While fiscal spending is expected to increase in many countries to cope with current developments, balancing the risks of a cost-of-living crisis with higher debt is a major challenge for policymakers. In advanced economies, 54% of chief economists expect energy price subsidies, while 41% expect food price subsidies. In low-income economies, the vast majority think food price subsidies will be needed (86%), while 62% expect energy price subsidies. However, this need will have to be weighed against a higher risk of default (81% see this as an increased risk for developing economies).
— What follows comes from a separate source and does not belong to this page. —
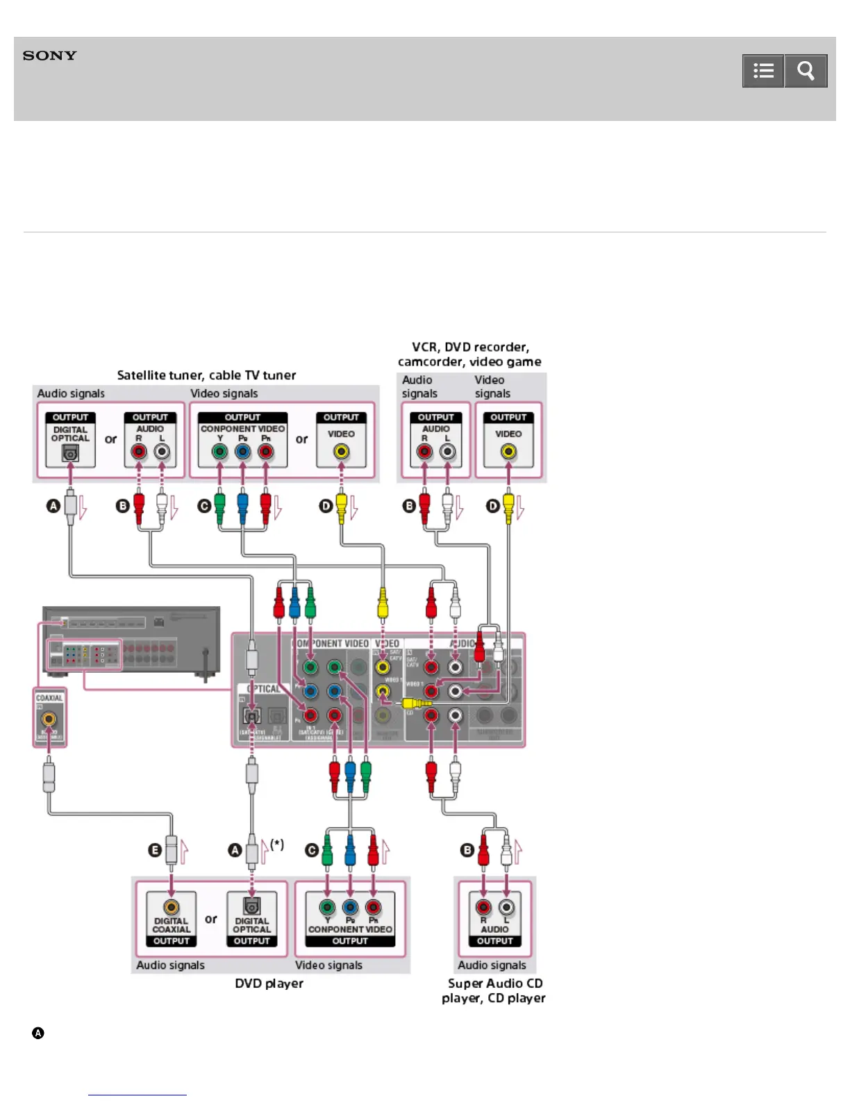 Connect devices to the receiver as illustrated below.

With the World Bank expecting energy prices to rise more than 50% in 2022, before falling in 2023-24, policymakers must balance energy insecurity risks with transition towards greener energy. Most chief economists surveyed expect policymakers to try to tackle both challenges simultaneously. However, a clear majority of respondents expect the priority of energy security to be based on carbon-intensive sources rather than greener sources in all regions except Europe. and China.
Fragmentation and politicization of supply chains
As supply chains enter their third year of disruption, governments and businesses are rethinking their approach to exposure, self-sufficiency and security in their supply chains. The chief economists consider it likely or very likely that multinational companies will both localize and diversify their supply chains over the next three years, realigning them along geopolitical fault lines.
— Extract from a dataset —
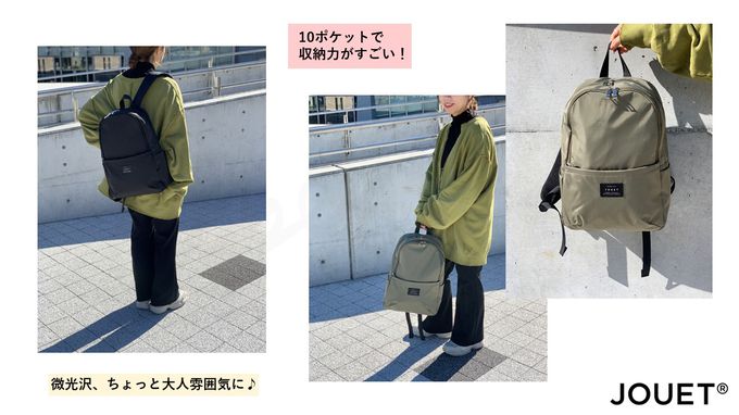 JOUET 10pocket微光澤休閒後背包-橄欖綠

The November 2021 edition of Perspectives from the Chief Economists identified “de-globalization” as an emerging trend driven by the impact of the pandemic. The war in Ukraine and its geopolitical and economic fallout are accelerating these trends, with declining physical integration and growing friction in virtual space. A majority of chief economists surveyed for the month of May Outlook expect greater fragmentation in goods, technology and labor markets over the next three years, while most expect services to remain stable or become more globalized.
Four futures for economic globalization
A supplementary report from the World Economic Forum, released today, charts possible trajectories of globalization in the next five years. Four futures for economic globalization: scenarios and their implications describes how the nature of globalization can change as economic powers choose between fragmentation or integration into the physical and virtual dimensions of the global economy. The four scenarios are:
Globalization 5.0: Reconnection describes physical and virtual integration – a new form of globalization that combines integration with stronger national safety nets and alignment with global tax and technology frameworks.
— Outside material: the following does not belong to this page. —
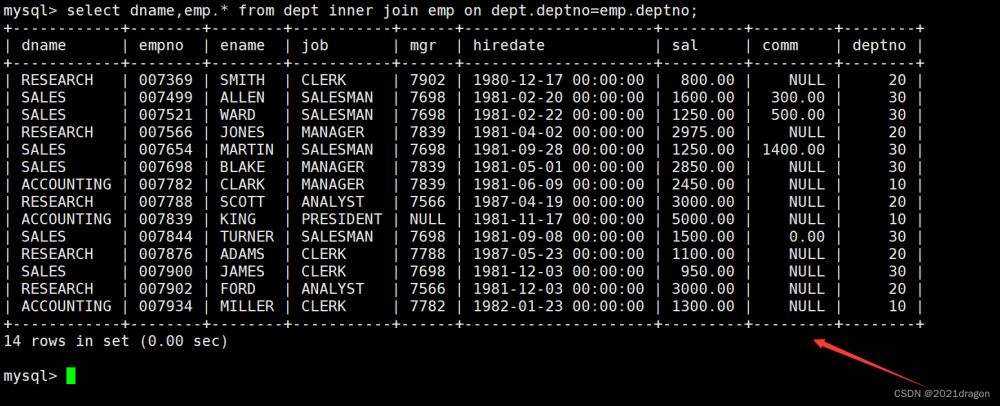 - 在on子句后指明內連接的條件為員工的部門號等于部門的部門號,保證篩選出來的數據是有意義的。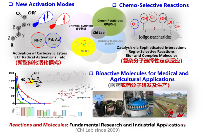 近日,贵州大学绿色农药全国重点实验室池永贵教授团队在国际重要学术刊物《自然子刊(Nature Communications)》报道了两项工作,团队致力于在有机催化合成和绿色农药研发生产领域开展原创性工作(图1)。在池永贵教授与郑鹏程教授的共同指导下,绿色农药全国重点实验室硕士生范国栋与博士生王青云等发表论文“Carbene-catalyzed chemoselective reaction of unsymmetric enedials for access to Furo[2,3-b]pyrroles”,绿色农药全国重点实验室博士生王青云、吴树权等发表“NHC-catalyzed enantioselective access to β-cyano carboxylic esters via in situ substrate alternation and release”。论文以氮杂环卡宾NHC为关键仿生催化剂,通过对不同类型化学选择性的调控,实现了反应位点及反应路径的精确控制,构建了手性非天然氨基酸及呋喃吡咯类医药农药活性分子。

Analog networks: virtual nationalism describes physical integration and virtual fragmentation – a potential future in which trade, especially of strategic commodities, is secure, but a technological race, cybersecurity issues and uncoordinated regulation lead to virtual disintegration.
Digital Dominance: Agile Platforms describes physical fragmentation and virtual integration, as the physical movement of goods and people declines and large global platforms dominate global economic activity.
Autarkic world: systemic fragmentation depicts both physical and virtual fragmentation compared to today, as leaders turn inward and seek greater control over production, services, people and technology.
The report calls for “no regrets actions” from policy makers such as: global cooperation on the climate crisis; investing in human capital to prepare people for a range of economic futures; and build resilience through greater economic integration, knowledge sharing and diversification.